BEGIN Listed records

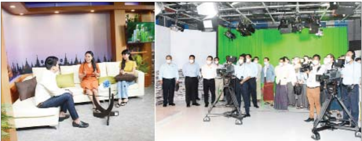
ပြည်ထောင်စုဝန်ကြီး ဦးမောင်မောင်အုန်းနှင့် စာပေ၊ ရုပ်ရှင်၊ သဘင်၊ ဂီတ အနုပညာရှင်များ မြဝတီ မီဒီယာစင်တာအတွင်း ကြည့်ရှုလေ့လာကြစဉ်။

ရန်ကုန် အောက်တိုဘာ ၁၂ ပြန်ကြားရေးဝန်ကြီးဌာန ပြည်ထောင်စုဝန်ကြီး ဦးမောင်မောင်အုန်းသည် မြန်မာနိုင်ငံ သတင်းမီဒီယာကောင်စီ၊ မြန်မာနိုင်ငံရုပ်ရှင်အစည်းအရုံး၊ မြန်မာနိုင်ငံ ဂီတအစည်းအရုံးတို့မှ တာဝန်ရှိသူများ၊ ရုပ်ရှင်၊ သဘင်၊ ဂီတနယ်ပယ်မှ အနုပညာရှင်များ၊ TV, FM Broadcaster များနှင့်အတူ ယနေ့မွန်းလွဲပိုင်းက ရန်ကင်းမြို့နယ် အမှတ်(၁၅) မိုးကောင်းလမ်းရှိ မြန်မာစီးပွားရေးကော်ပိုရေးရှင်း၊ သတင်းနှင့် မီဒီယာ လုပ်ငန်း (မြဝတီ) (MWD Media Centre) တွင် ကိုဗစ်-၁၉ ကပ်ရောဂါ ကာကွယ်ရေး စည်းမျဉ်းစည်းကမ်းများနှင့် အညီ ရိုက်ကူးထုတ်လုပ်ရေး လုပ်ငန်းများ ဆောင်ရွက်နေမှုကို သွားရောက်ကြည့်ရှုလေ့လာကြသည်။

END Listed records
BEGIN Listed records

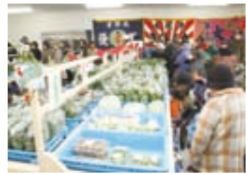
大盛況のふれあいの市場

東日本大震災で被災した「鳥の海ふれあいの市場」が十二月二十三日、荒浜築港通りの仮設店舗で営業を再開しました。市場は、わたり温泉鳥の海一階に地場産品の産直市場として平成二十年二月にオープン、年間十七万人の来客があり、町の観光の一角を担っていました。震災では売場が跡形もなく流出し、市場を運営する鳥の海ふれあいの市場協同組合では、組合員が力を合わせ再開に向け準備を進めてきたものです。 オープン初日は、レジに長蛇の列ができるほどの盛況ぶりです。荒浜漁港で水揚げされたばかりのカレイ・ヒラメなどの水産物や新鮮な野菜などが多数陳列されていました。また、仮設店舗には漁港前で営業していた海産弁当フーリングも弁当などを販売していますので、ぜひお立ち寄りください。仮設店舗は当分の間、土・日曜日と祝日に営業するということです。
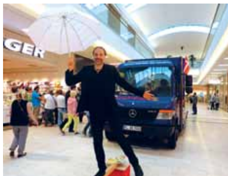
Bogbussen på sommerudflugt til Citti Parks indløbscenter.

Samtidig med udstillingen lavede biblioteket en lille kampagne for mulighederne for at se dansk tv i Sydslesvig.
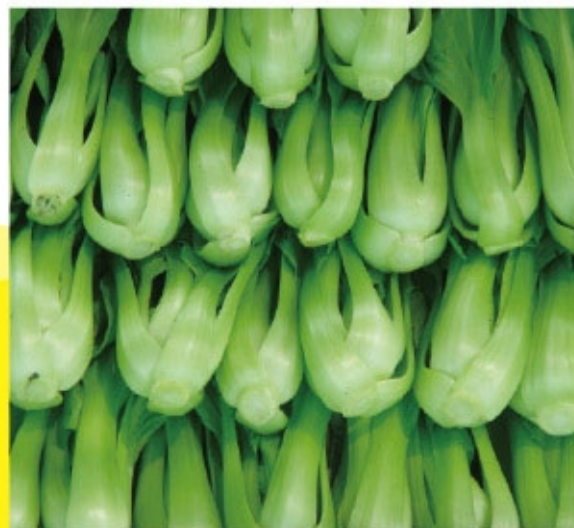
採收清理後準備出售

END Listed records
BEGIN Listed records

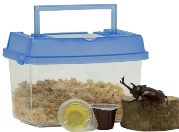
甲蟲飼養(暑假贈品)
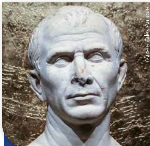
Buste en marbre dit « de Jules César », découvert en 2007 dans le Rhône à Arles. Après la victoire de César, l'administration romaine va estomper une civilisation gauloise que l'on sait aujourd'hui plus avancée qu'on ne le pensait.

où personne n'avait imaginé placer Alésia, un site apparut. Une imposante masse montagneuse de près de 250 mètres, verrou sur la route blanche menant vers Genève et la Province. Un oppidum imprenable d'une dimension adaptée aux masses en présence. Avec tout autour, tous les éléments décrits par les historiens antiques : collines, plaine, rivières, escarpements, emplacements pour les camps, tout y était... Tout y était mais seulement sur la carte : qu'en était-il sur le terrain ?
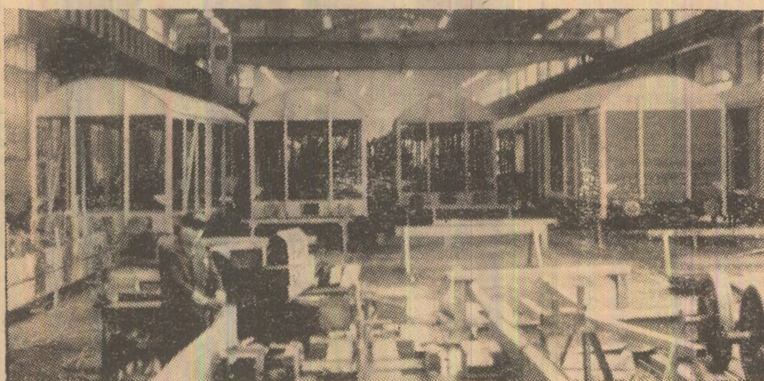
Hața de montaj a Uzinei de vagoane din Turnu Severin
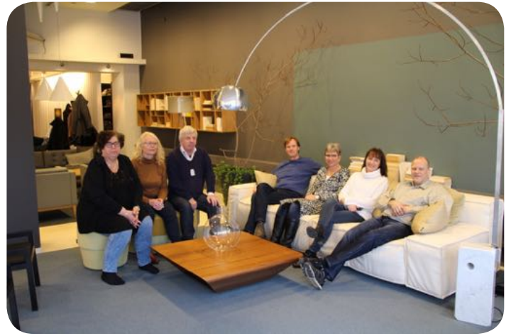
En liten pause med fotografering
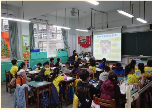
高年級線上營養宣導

END Listed records

In the listing above, find the line containing "ပြည်ထောင်စုဝန်ကြီး ဦးမောင်မောင်အုန်းနှင့် စာပေ၊" and the line containing "ရန်ကုန် အောက်တိုဘာ ၁၂", then quote both, plus every line between them, exactly as written.

- [Response area]:
ပြည်ထောင်စုဝန်ကြီး ဦးမောင်မောင်အုန်းနှင့် စာပေ၊ ရုပ်ရှင်၊ သဘင်၊ ဂီတ အနုပညာရှင်များ မြဝတီ မီဒီယာစင်တာအတွင်း ကြည့်ရှုလေ့လာကြစဉ်။

ရန်ကုန် အောက်တိုဘာ ၁၂ ပြန်ကြားရေးဝန်ကြီးဌာန ပြည်ထောင်စုဝန်ကြီး ဦးမောင်မောင်အုန်းသည် မြန်မာနိုင်ငံ သတင်းမီဒီယာကောင်စီ၊ မြန်မာနိုင်ငံရုပ်ရှင်အစည်းအရုံး၊ မြန်မာနိုင်ငံ ဂီတအစည်းအရုံးတို့မှ တာဝန်ရှိသူများ၊ ရုပ်ရှင်၊ သဘင်၊ ဂီတနယ်ပယ်မှ အနုပညာရှင်များ၊ TV, FM Broadcaster များနှင့်အတူ ယနေ့မွန်းလွဲပိုင်းက ရန်ကင်းမြို့နယ် အမှတ်(၁၅) မိုးကောင်းလမ်းရှိ မြန်မာစီးပွားရေးကော်ပိုရေးရှင်း၊ သတင်းနှင့် မီဒီယာ လုပ်ငန်း (မြဝတီ) (MWD Media Centre) တွင် ကိုဗစ်-၁၉ ကပ်ရောဂါ ကာကွယ်ရေး စည်းမျဉ်းစည်းကမ်းများနှင့် အညီ ရိုက်ကူးထုတ်လုပ်ရေး လုပ်ငန်းများ ဆောင်ရွက်နေမှုကို သွားရောက်ကြည့်ရှုလေ့လာကြသည်။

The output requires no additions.